In contrast, previous studies that look at kids who watched the show versus kids who didn’t watch the show have the problem that the kids who watch the show might have very different families or parents — for example, perhaps kids who watch the show have parents who are very committed to their learning, and that is why they watch the show. In that case, researchers are unable to attribute differences to outcomes to the viewership of the show. Our approach surmounts that challenge.

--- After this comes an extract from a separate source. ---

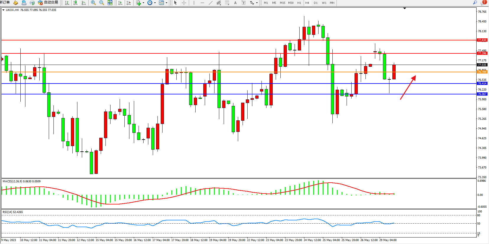 布油维持77.035附近震荡,隔夜受美国阵亡将士纪念日假期影响,ICE旗下布伦特原油期货合约交易提前于北京时间30日01:30结束。

Barnett doesn’t agree. Asked about the authors’ methodology, Barnett said it “just pushes the selection bias problem up from the individual level to the community level where they must be correct that there are no other differences around the same time that would affect the outcomes or the access. It seems reasonable, but the answers do not seem reasonable.”

(Why economists think they can factor out every possible influence except for the one thing they are studying to draw a conclusive cause and effect is an issue for another day. Some economists in fact say they can eliminate every single factor that affects a child’s performance on a single standardized test to determine a teacher’s “value” to that child, including how children react to violence in their neighborhood, post traumatic stress disorder, depression, hunger and sickness — and, presumably, a lousy test design. Sure they can.)

There is another issue about the paper worth mentioning — the title, “Early Childhood Education by MOOC: Lessons From Sesame Street.” The working paper says:

An analysis of the effectiveness of Sesame Street can potentially also inform current discussions regarding the ability of Massive Open Online Courses (MOOCs) to deliver educational improvements. In essence, Sesame Street was the first MOOC. Although MOOCs differ in what they entail, Sesame Street satisfies the basic feature of electronic transmission of online educational material. Both Sesame Street and MOOCs provide educational interventions at a fraction of the cost of more traditional classroom settings. Most (but not all) MOOCs exist at the level of higher education, which clearly differs from a preschool intervention. Our knowledge of the ability of MOOCs to improve outcomes for its participants is so limited, though, that any proper evaluation of the impact of electronic transmission of educational content is beneficial.

Beneficial it may be, but the idea of suggesting that the discussion of MOOCS for adults can be informed by how preschoolers take in information is, well, a stretch. Just like thinking a television show is as good an educational model as a good preschool.